# [PROBLEM TO WORK ON]
Find the line that contains "150C系列隔熱窗紗一體窗(內(nèi)外平框、隱排水)" in the entries below. Restate it and every line after it, word for word, with no pictures.
----- SUPPLIED RECORDS -----
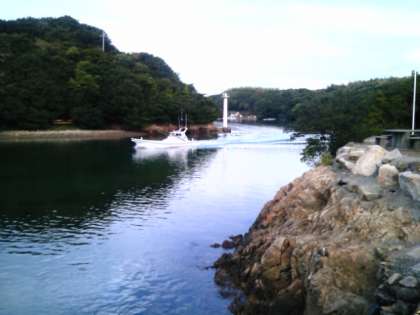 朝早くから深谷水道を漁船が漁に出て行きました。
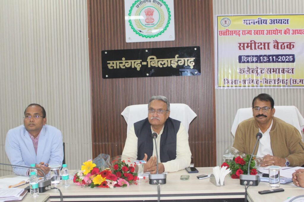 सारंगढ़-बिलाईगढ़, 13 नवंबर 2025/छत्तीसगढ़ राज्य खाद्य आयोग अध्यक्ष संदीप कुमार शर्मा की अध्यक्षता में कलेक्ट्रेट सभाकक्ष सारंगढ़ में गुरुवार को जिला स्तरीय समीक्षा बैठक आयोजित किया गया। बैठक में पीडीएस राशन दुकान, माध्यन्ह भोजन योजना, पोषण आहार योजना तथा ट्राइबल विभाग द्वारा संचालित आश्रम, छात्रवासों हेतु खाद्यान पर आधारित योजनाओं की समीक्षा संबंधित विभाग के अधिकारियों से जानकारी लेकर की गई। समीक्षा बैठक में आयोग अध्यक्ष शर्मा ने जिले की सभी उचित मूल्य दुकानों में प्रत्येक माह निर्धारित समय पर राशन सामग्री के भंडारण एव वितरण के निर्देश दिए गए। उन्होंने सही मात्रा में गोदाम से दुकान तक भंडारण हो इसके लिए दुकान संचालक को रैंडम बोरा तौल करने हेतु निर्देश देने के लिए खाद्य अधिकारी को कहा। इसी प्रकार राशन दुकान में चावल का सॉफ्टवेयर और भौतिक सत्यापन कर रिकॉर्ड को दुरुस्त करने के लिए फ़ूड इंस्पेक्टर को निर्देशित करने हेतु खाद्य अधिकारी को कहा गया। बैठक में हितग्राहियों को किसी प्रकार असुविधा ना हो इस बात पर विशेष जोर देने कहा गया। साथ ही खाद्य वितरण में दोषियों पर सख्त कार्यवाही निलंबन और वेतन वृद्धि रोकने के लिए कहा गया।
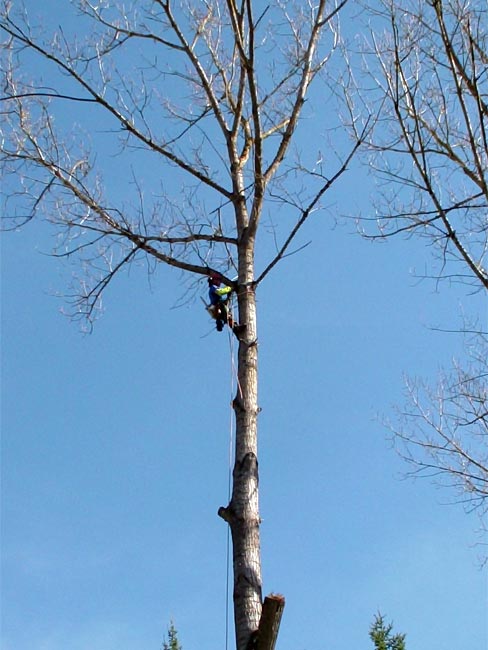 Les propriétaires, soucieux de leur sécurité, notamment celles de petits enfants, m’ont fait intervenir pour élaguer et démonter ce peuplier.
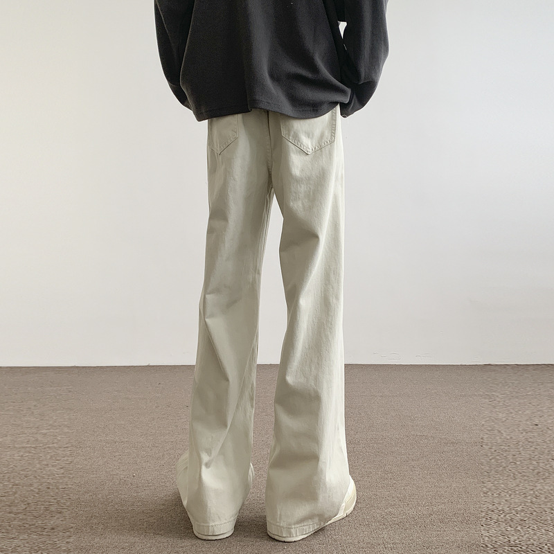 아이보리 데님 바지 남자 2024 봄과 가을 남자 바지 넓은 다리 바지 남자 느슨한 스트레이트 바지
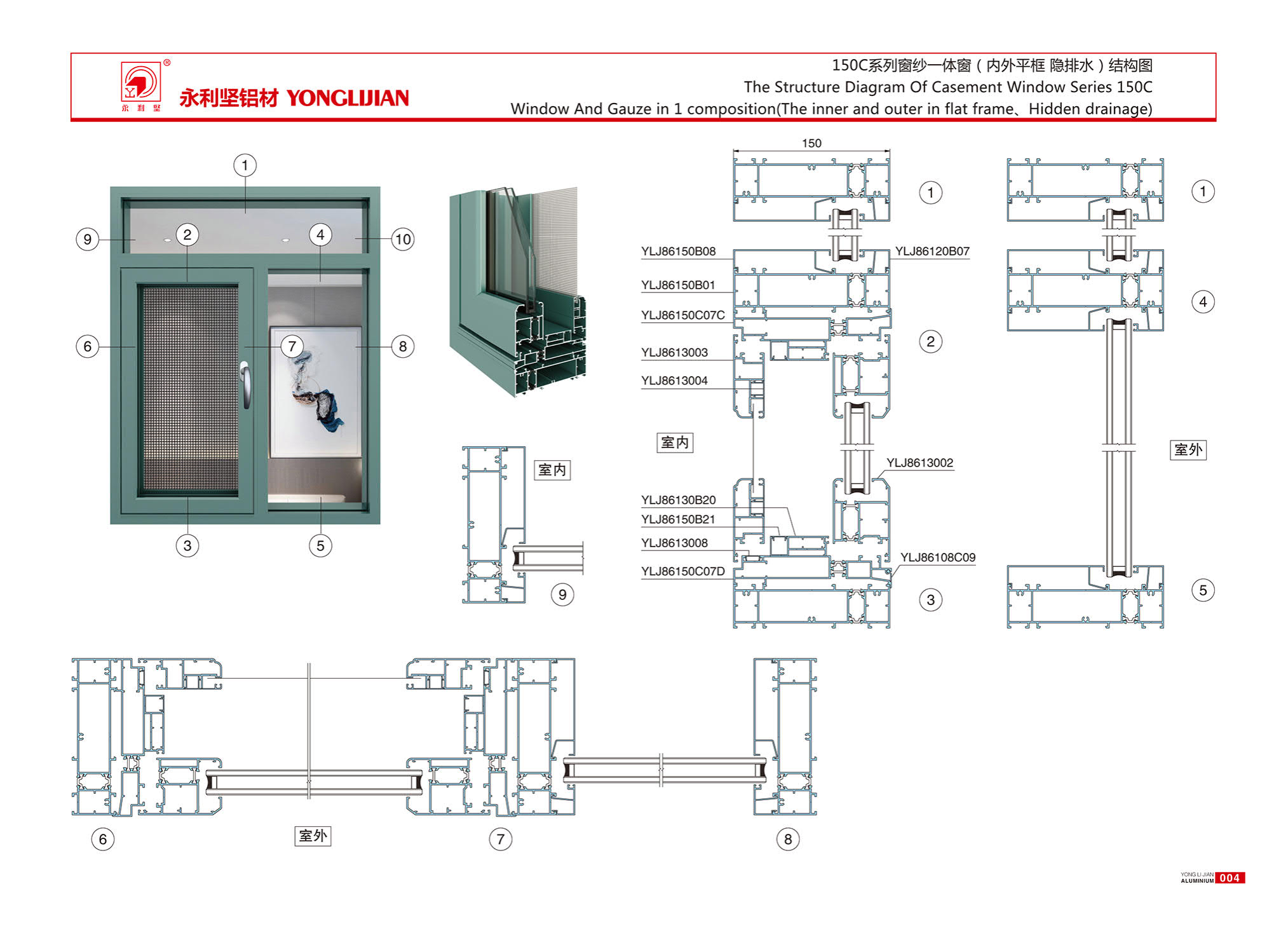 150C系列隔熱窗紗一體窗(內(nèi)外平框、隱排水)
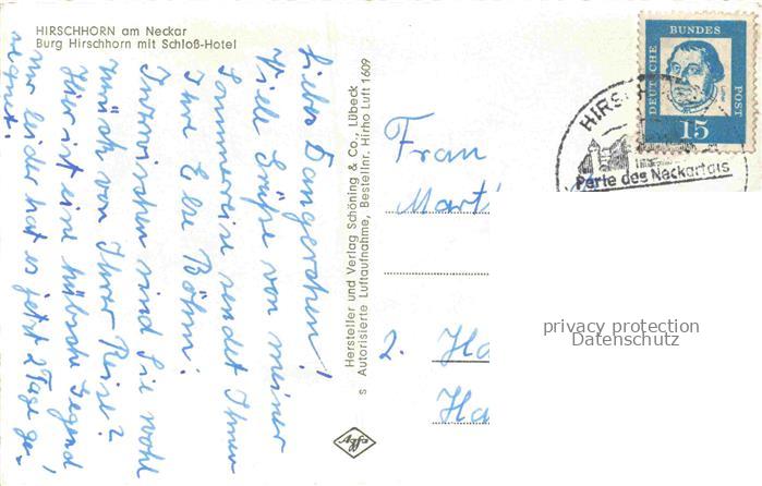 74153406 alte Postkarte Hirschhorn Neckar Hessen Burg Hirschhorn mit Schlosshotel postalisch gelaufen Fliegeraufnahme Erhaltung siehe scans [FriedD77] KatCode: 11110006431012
-----
# [EXERCISE OUTPUT]
 150C系列隔熱窗紗一體窗(內(nèi)外平框、隱排水)
 74153406 alte Postkarte Hirschhorn Neckar Hessen Burg Hirschhorn mit Schlosshotel postalisch gelaufen Fliegeraufnahme Erhaltung siehe scans [FriedD77] KatCode: 11110006431012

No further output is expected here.